Lord Haw Haw, a 2ft x 2ft 5in (61 x 74.5cm) oil on canvas by Hilda Davis dated 1940, caught the eye of two bidders at the October 11 auction at Lawrences of Crewkerne. The scene, which had been estimated at £500-700, depicts a family listening intently, and with a degree of alarm, to the broadcast.

Richard Kay, director of pictures at the saleroom, said: “We did not take one single enquiry ahead of the sale and there was no indication it would sell at all.”

However, an online bidder battled it out from a starting bid of £440 with a private collector on the phone, local to the Somerset saleroom, who eventually secured this work at £26,000 (plus 25% buyer’s premium) – setting an artist record.

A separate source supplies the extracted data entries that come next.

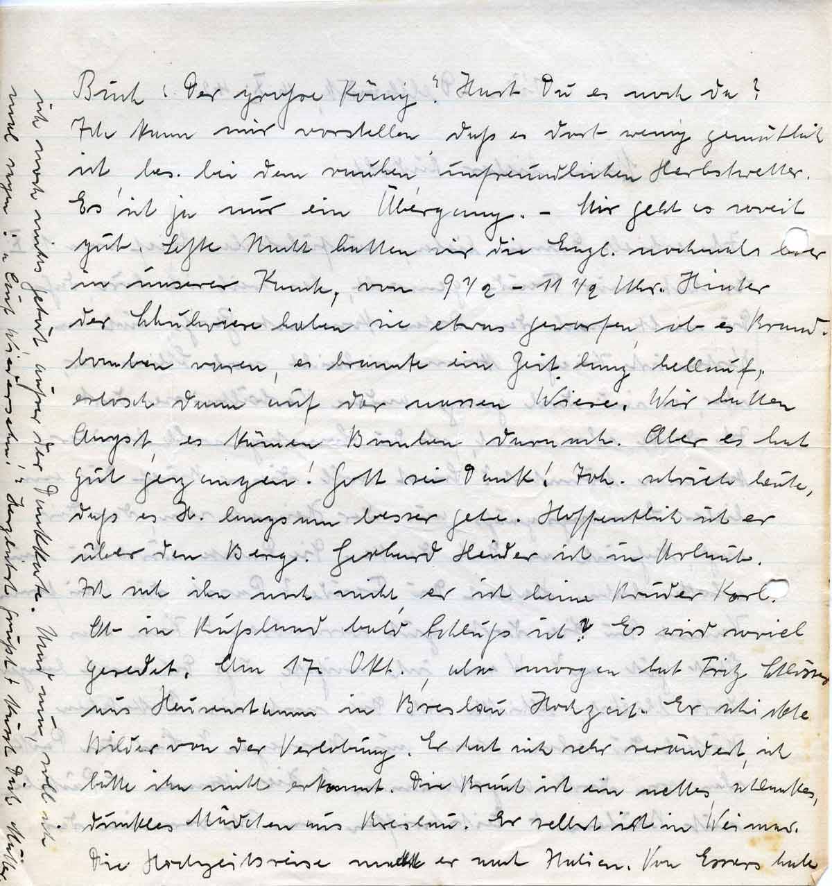 Buch „Der große König“. Hast Du es noch da? Ich kann mir vorstellen, daß es dort wenig gemütlich ist, bes. bei dem rauhen, unfreundlichen Herbstwetter. Es ist ja nur ein Übergang. – Mir geht es soweit gut. Letzte Nacht hatten wir die Engl. nochmals hier in unserer Kante, von 9 ½-11 ½ Uhr. Hinter der Schulwiese haben sie etwas geworfen, ob es Brandbomben waren, es brannte eine Zeit lang hellauf, erlosch dann auf der nassen Wiese. Wir hatten Angst, es kämen Bomben darnach. Aber es hat gut gegangen! Gott sei Dank! Joh. schrieb heute, daß es H. langsam besser gehe. Hoffentlich ist er über den Berg. Gerhard Heider ist in Urlaub. Ich sah ihn noch nicht, er ist beim Bruder Karl. Ob in Rußland bald Schluß ist? Es wird soviel geredet. Am 17. Okt., also morgen hat Fritz Schlösser aus Heusenstamm in Breslau Hochzeit. Er schickte Bilder von der Verlobung. Er hat sich sehr verändert, ich hätte ihn nicht erkannt. Die Braut ist ein nettes, schlankes, dunkles Mädchen aus Breslau. Er selbst ist in Weimar. Die Hochzeitsreise macht er nach Italien. Von Essers habe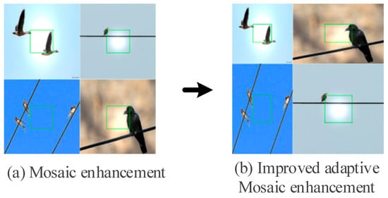 For the bird recognition problem, given that birds are typically small in size and have low distribution coefficients in images, this paper improves the traditional Mosaic data augmentation method and proposes an adaptive scale Mosaic enhancement approach to improve training performance.
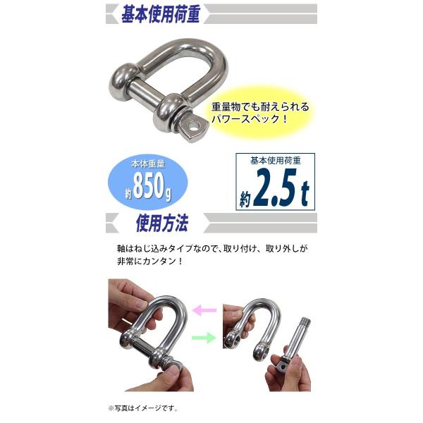 ステンレスシャックル JIS規格 ねじ込みタイプ M20 線径約20mm 開口約40mm 使用荷重約2.5t 約2500kg SUS304 JIS ステンレス製 ねじシャックル SE型 半丸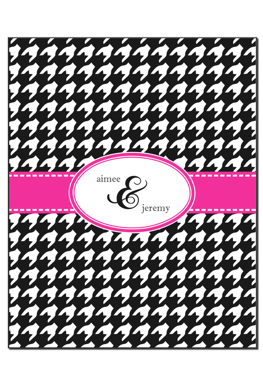 This classic black and white houndstooth pattern jumps to life by adding a modern touch of hot pink.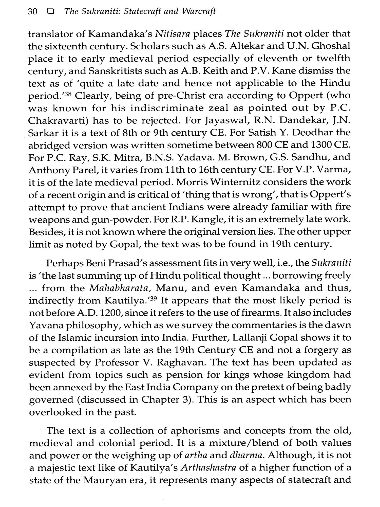 The Sanskrit word for scientific work is 'shastra' (text book), while 'Arthashastra' implies 'science of wealth and power'. The Arthashastra tradition in Sanskrit, along with its various translations over the ages, has carried forward the key essence of statecraft in India. For over 2,000 years, this tradition can be seen in three texts as milestones dealing with statecraft in varying degrees and on grand strategy, warfare, and security-related issues, military appreciation, diplomacy, intelligence studies, leadership, management, and morals, under the term in Sanskrit as 'artha'. There is another related and synonymous term, 'niti'. Niti is defined as pragmatics, politics, or statecraft. The Sanskrit Dictionary of Law and Statecraft defines niti as law, policy, governance, and Nitishastra to mean treatise on law or political science. In other words, 'the books relating to the regulations of the state are generally known by the technical term of Nitisastras.... Among the extant publications, we may mention the three monumental works in this tradition, viz. the Arthasastra of Kautilya, the Kamandaki, and the Sukranitisara. In this tradition of statecraft and politics, 'the Nitisara of Sukra is a well-known manual of Arthashastra's type.'5 Etymologically, in the initial stages, the term was artha and danda. Later, as Jayaswal notes, the term niti (policy or principle) and nyaya (justice) superseded the old words artha and danda. For example, Kamandaka (also spelt as Kamandaki) calls his metrical treaties a Niti-sara and the text of Sukra is known as Sukranitisara."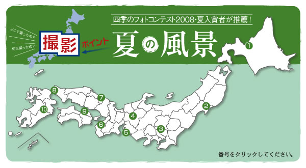 「撮影ポイントが知りたい」というお客さまの声にお応えするコーナーです。今回のテーマは夏の「風景」と「祭り」。撮影ポイントと写真、そして撮影アドバイスはコンテスト入賞者の方々にご協力いただきました。ぜひご活用ください。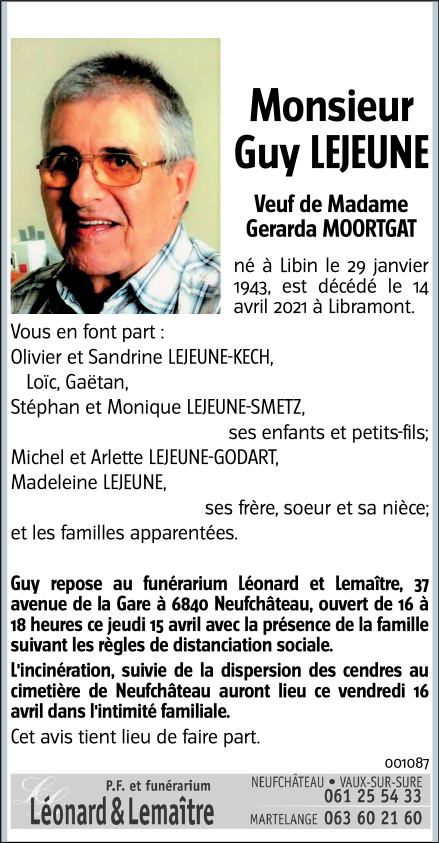 Décédé à Libramont-Chevigny (6800) le mercredi 14 avril 2021 à l'âge de 78 ans

Kay added: “The interest in this painting was not because of the artist, it came down to the date and the subject, and that both parties were adamant they wanted it.

“Provokes conversation”

“The picture provokes a conversation. This isn’t a picture of a great British hero, instead it’s a character who left an awful stain of treachery. But the picture has a slightly cartoonish feel to it and invites analysis.

“It was painted at a critical point in the war, a febrile moment at the height of the Blitz when concern about the rise of the power of the Nazis was considerable.”

The picture carries an exhibition label on the reverse from the Russell-Cotes Art Gallery’s show Eminent Living Artists (March-June 1945) held in Bournemouth at the very end of the war. Joyce was captured in May 1945 and later tried on three counts of high treason. He was hanged in 1946.

Only a dozen examples of Davis’ work have appeared at auction in the past three decades, making just a few hundred pounds each.

Very little is known about the artist, who was active between 1935-60. Her most recent auction result was at Sworders on June 7, 2016, when the 1937 oil painting Children Should Be Seen and Not Heard was hammered down at £200. Her Nurses Sitting Around a Table is in the Imperial Health Charity art collection in St Mary’s Hospital in London.

The Lord Haw Haw picture was consigned to the saleroom by the wife of a late antiques dealer who said the result was the best profit he might have ever made.